Data listing START

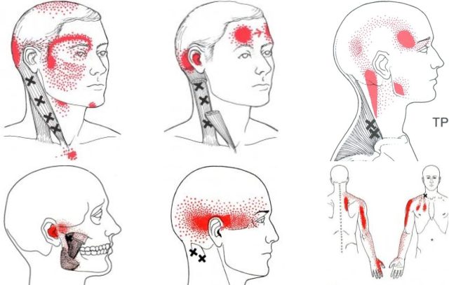 特定の筋肉に生じたトリガーポイント(×印)が、離れた場所に症状が出るパターン(赤い部分)を表しています。
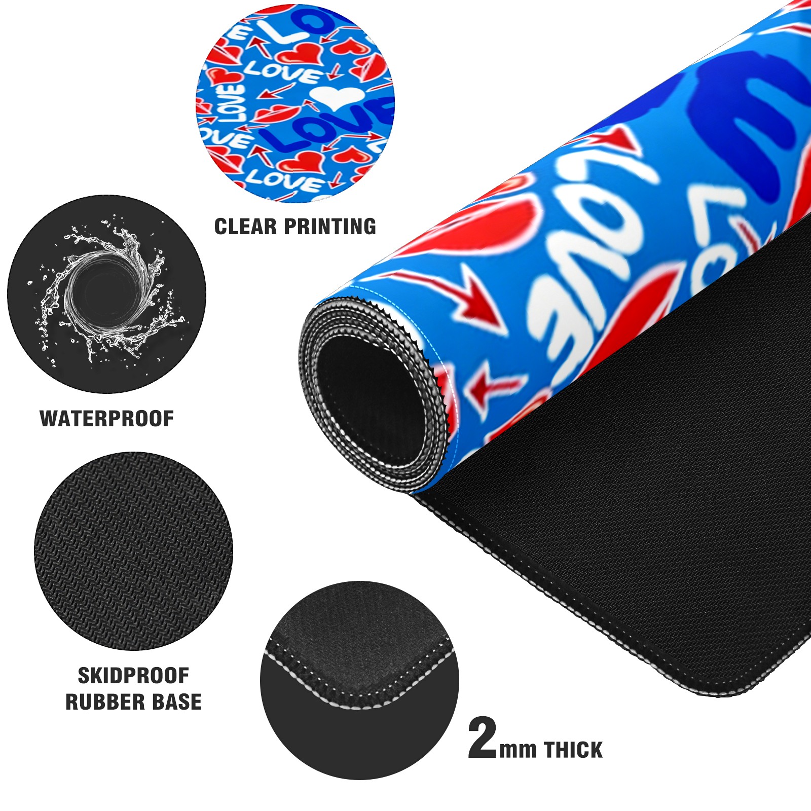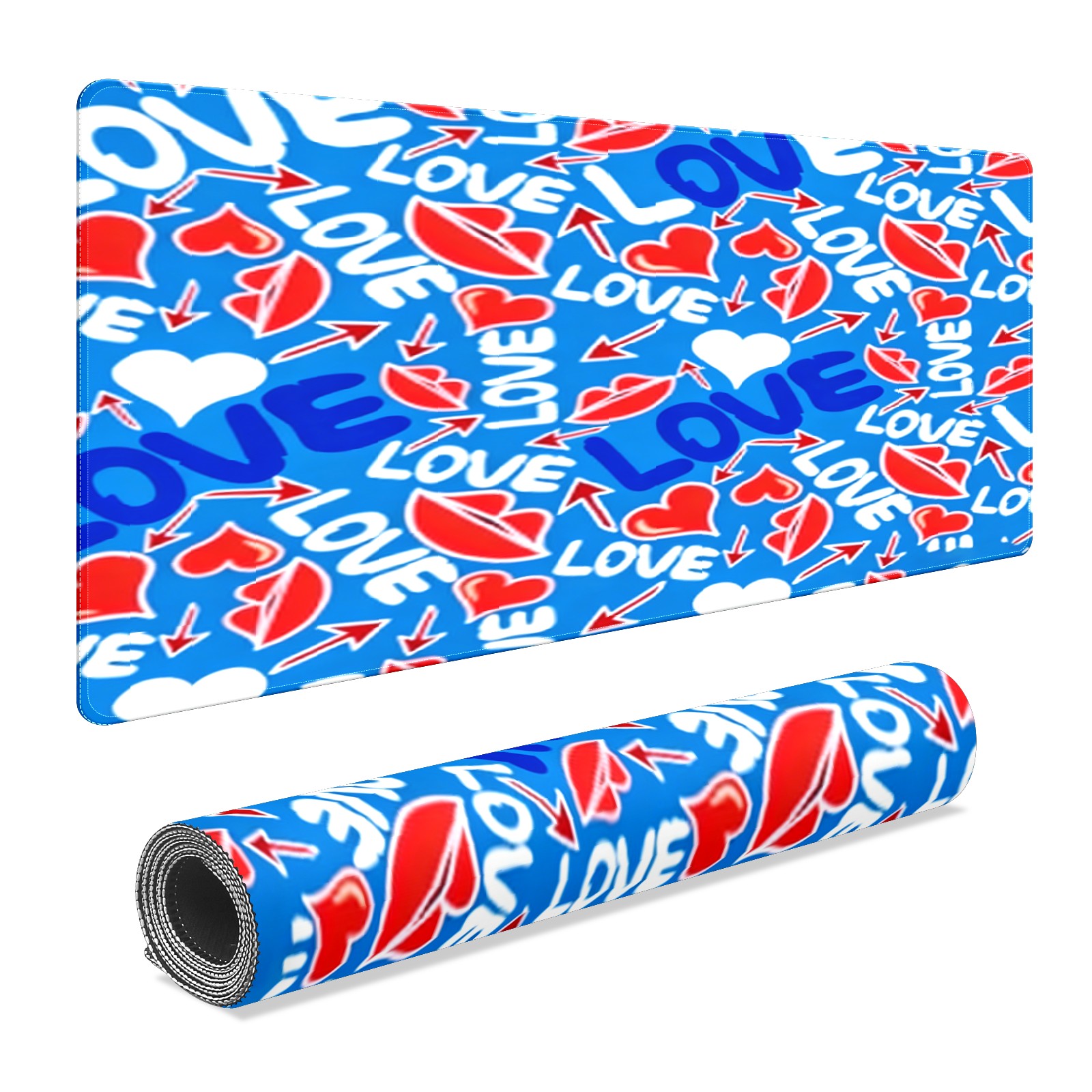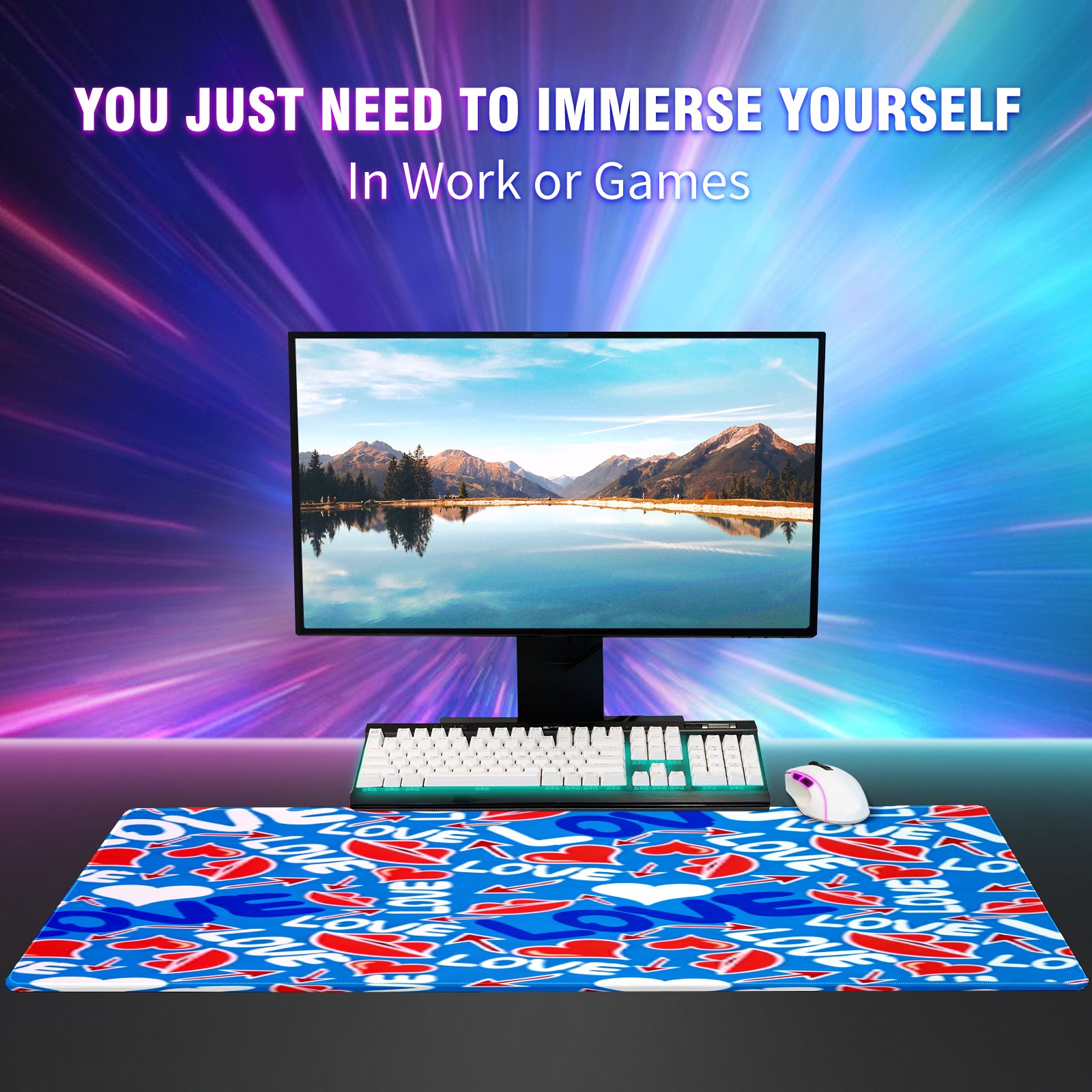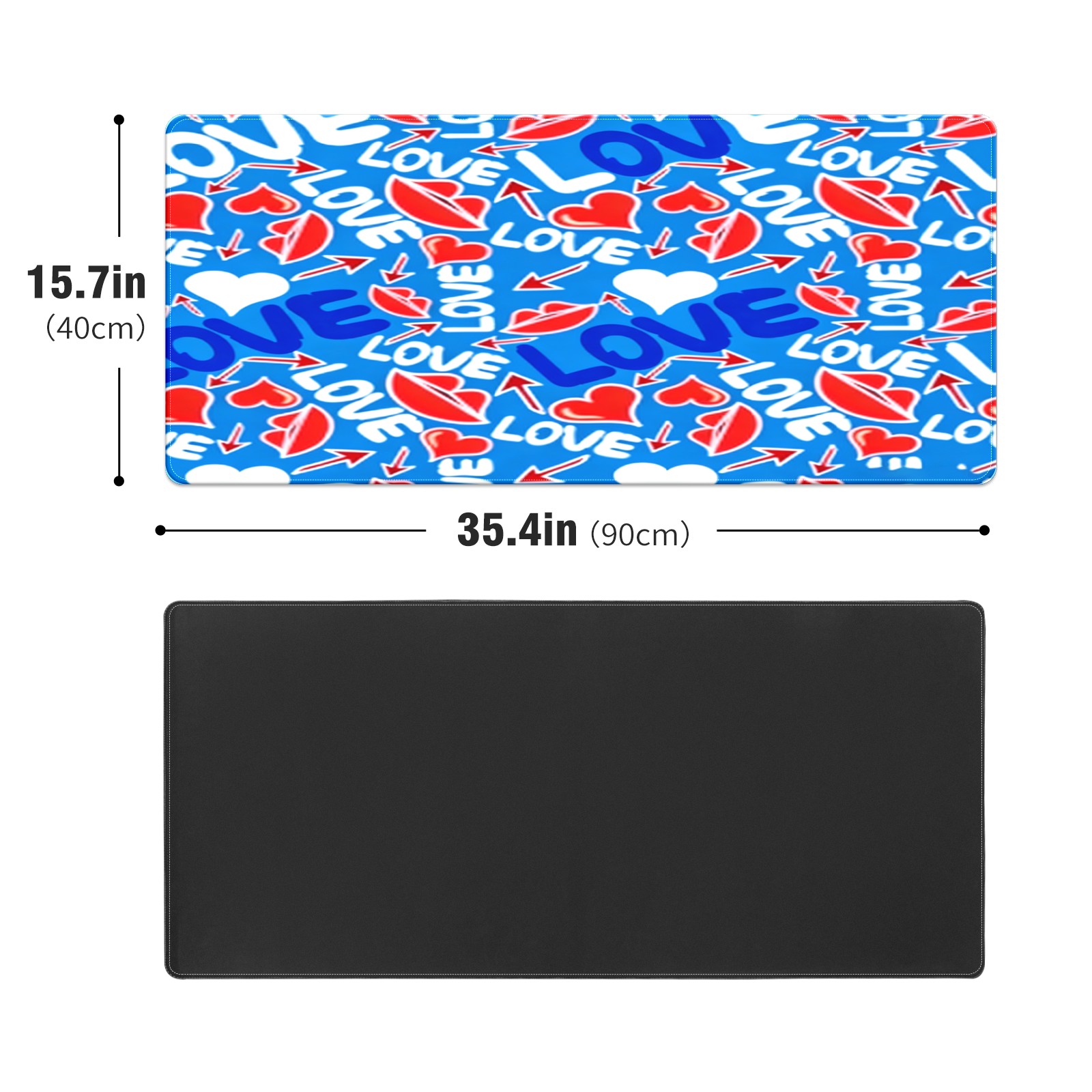Large Gaming Mouse Pad (90x40cm), Extended Waterproof Desk Mat with Non-Slip Rubber Base, LOVE & Heart Blue for Gamers, Office & Home
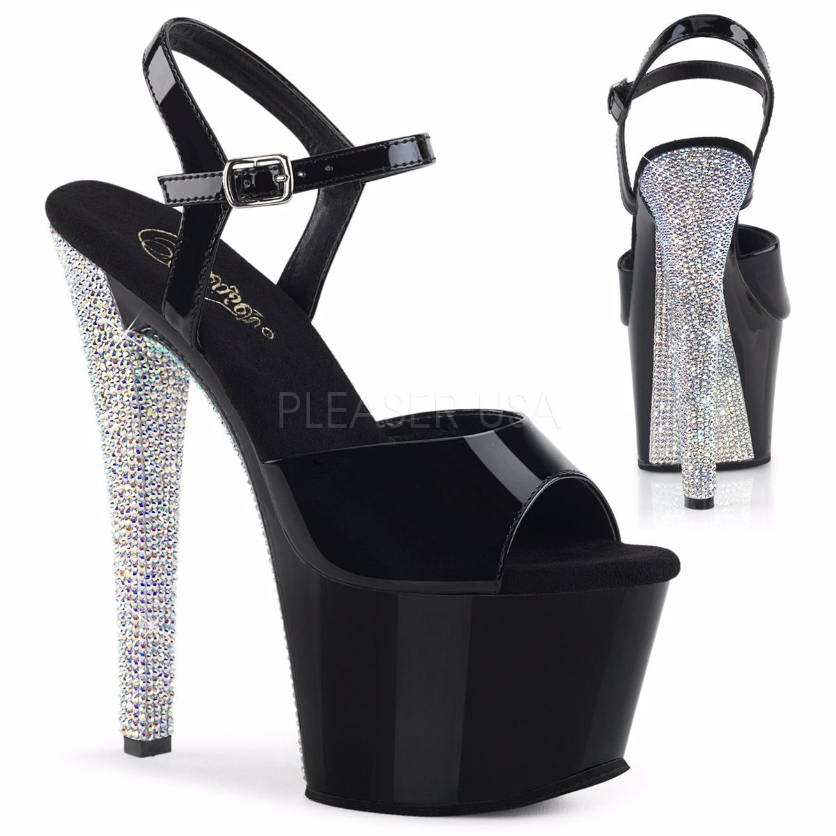 7 inch (178mm) Heel, 2 3/4 inch (70mm) Platform Ankle Strap Sandal w/ Contrast Rhinestones on the Heel & Platform Bottom
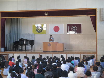 パクモリ食育委員会の児童が朝会で発表を行いました。
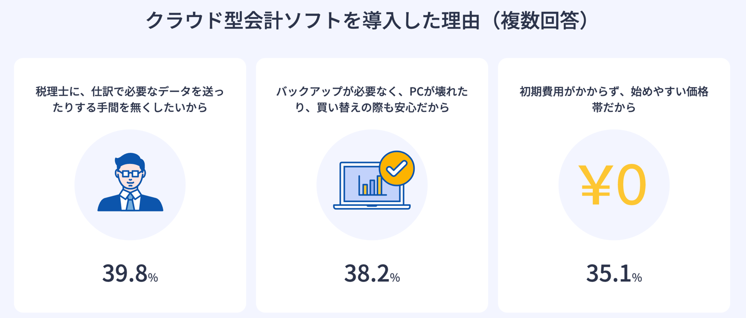クラウド型会計ソフトを導入した理由は、1位が「税理士に仕訳で必要なデータを送ったりする手間を無くしたいから」39.8%、2位が「バックアップが必要なくPCが壊れたり買い替えの際も安心だから」38.2%、3位が「初期費用がかからず始めやすい価格帯だから」35.1%という結果になりました。
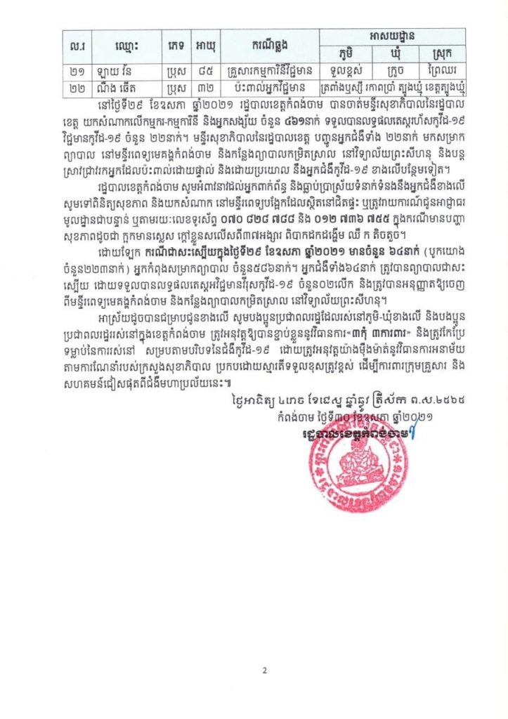 សេចក្តីប្រកាសព័ត៌មានរបស់រដ្ឋបាលខេត្តកំពង់ចាម ស្តីពីករណីរកឃើញវិជ្ជមានកូវីដ-១៩ ចំនួន ២២នាក់ ក្នុងនោះ ស្រុកជើងព្រៃ ០៦នាក់ ស្រុកបាធាយ ០៧នាក់ ស្រុកកំពង់សៀម ០២នាក់ ស្រុកស្រីសន្ធរ ០៣នាក់ ព្រៃឈរ ០៣នាក់ ខេត្តត្បូងឃ្មុំ ចំនួន ០១នាក់ និងករណីជាសះស្បើយចំនួន ៦៤នាក់ក្នុងថ្ងៃទី២៩ ខែឧសភា ឆ្នាំ២០២១។
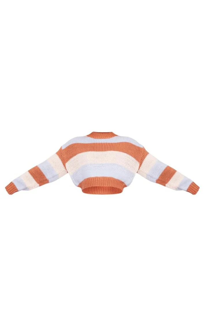 Get maxing out your knitwear collection with this brown chunky striped knit cropped sweater. Its brown chunky knit material features a striped design and cropped length which is sure to gain you all the compliments this season. Whatever your plans are, this sweater is that must-have essential you have been searching for. Team with a mini skirt, gold accessories and knee-high boots to set trends wherever you step foot.
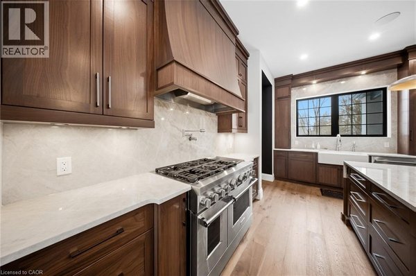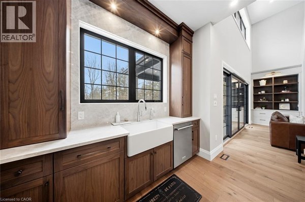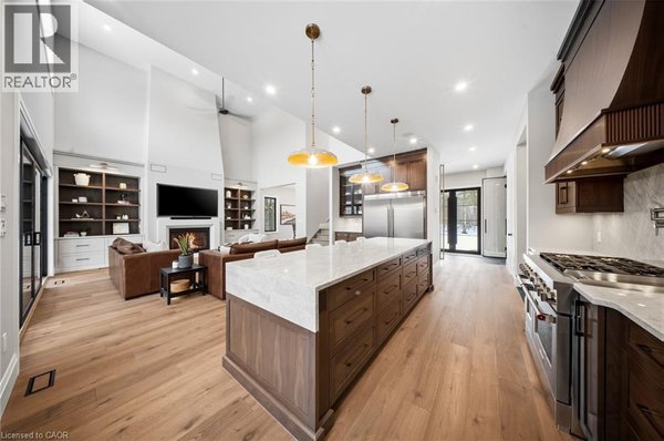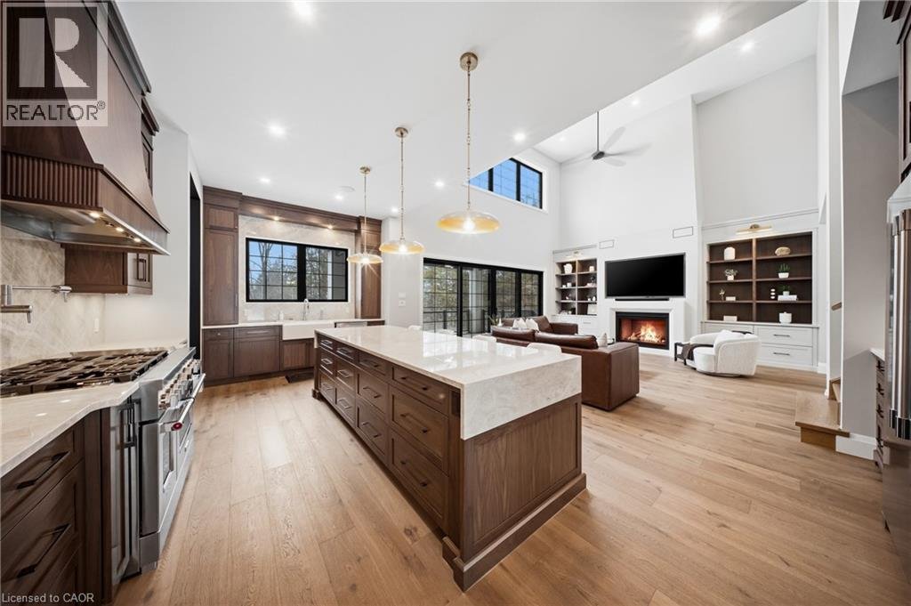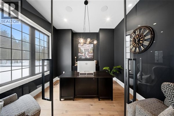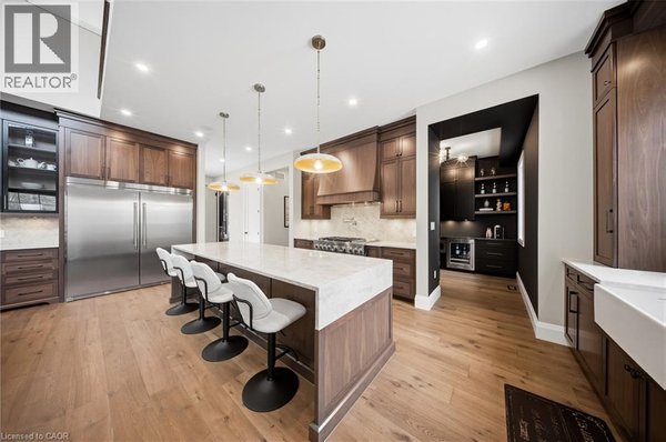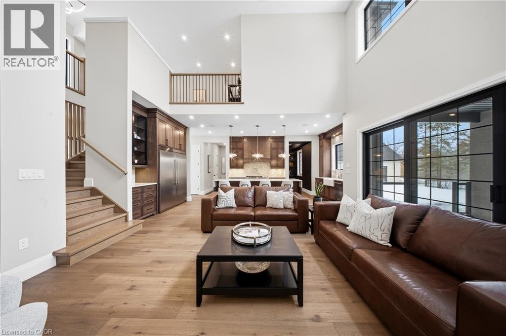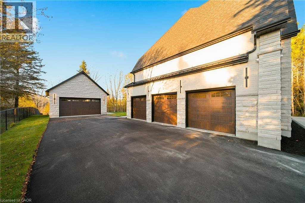 Entfliehen Sie der zeitgenössischen Eleganz auf diesem architektonisch beeindruckenden Anwesen, eingebettet auf einem ruhigen Grundstück von einem Morgen im begehrten Puslinch. Sorgfältig entworfen und meisterhaft gebaut, definiert dieses maßgeschneiderte Haus Luxus neu. Im Inneren setzen hohe Decken, weitläufige Fenster und eine skulpturale Treppe aus weißer Eiche den Ton für ein kultiviertes Wohnen. Natürliches Licht erfüllt das Haus, hebt außergewöhnliche Handwerkskunst und ein müheloses Gefühl von Offenheit hervor. Im Zentrum befindet sich eine Kochküche mit Quarzit-Arbeitsplatten, einer vollwertigen Rückwand und eleganten Barzotti-Schränken. Eine große Kücheninsel mit Sitzplätzen für sechs Personen, integrierte hochwertige Geräte, eine begehbare Butler-Speisekammer und Designer-Beleuchtung. Die Küche führt in einen zweistöckigen großen Raum, in dem ein dramatischer Gaskamin den Raum verankert. Doppelglas-Schiebetüren führen zu einer überdachten Veranda und einem privaten Hinterhof, eine idyllische Kulisse zum Entspannen oder Unterhalten. Ein formeller Speisesaal und ein privates Büro vervollständigen das Hauptgeschoss. Im Obergeschoss vier geräumige Schlafzimmer und drei voll ausgestattete Badezimmer, jedes mit Fußbodenheizung. Die Hauptsuite ist ein ruhiger Rückzugsort mit spa-inspirierten Oberflächen und einem maßgeschneiderten Kleiderschrank. Ein bequem gelegener Waschraum im Obergeschoss verbindet Praktikabilität mit raffiniertem Design. Das Untergeschoss verfügt über polierte Betonböden, ein fertiges Gästebad sowie Rohanlagen für Fußbodenheizung, eine zukünftige Küche und ein eigenes Bad. Ein Walk-up führt direkt zur vollständig isolierten Dreifachgarage, ergänzt durch eine freistehende Doppelgarage. Moderne Annehmlichkeiten umfassen 1,5-Gig Glasfaser-Internet und integriertes Audio in Küche, Büro, Garage und Haupt-En-Suite. Mit Parkmöglichkeiten für bis zu 20 Fahrzeuge, sodass jeder Anlass problemlos gerecht werden kann. Eingewickelt in Stein und Ziegel mit schwarzen Hardie-Board-Akzenten – ein wahres Statement für Design und Handwerkskunst. Nur wenige Minuten vom Highway 6 entfernt mit direktem Zugang zur 401, in der Nähe der Annehmlichkeiten von South Guelph und nur 40 Minuten vom Flughafen Pearson entfernt, vereint diese Siedlung Luxus, Lebensstil und Lage perfekt. (id:57238)

Data listing END

▸ Exercise: Could you output exactly the lines above, from the line with "Large Gaming Mouse" up to and including the line with "クラウド型会計ソフトを導入し", and nothing else, skipping the pictures?

▸ Solved exercise:
Large Gaming Mouse Pad (90x40cm), Extended Waterproof Desk Mat with Non-Slip Rubber Base, LOVE & Heart Blue for Gamers, Office & Home
 7 inch (178mm) Heel, 2 3/4 inch (70mm) Platform Ankle Strap Sandal w/ Contrast Rhinestones on the Heel & Platform Bottom
 パクモリ食育委員会の児童が朝会で発表を行いました。
クラウド型会計ソフトを導入した理由は、1位が「税理士に仕訳で必要なデータを送ったりする手間を無くしたいから」39.8%、2位が「バックアップが必要なくPCが壊れたり買い替えの際も安心だから」38.2%、3位が「初期費用がかからず始めやすい価格帯だから」35.1%という結果になりました。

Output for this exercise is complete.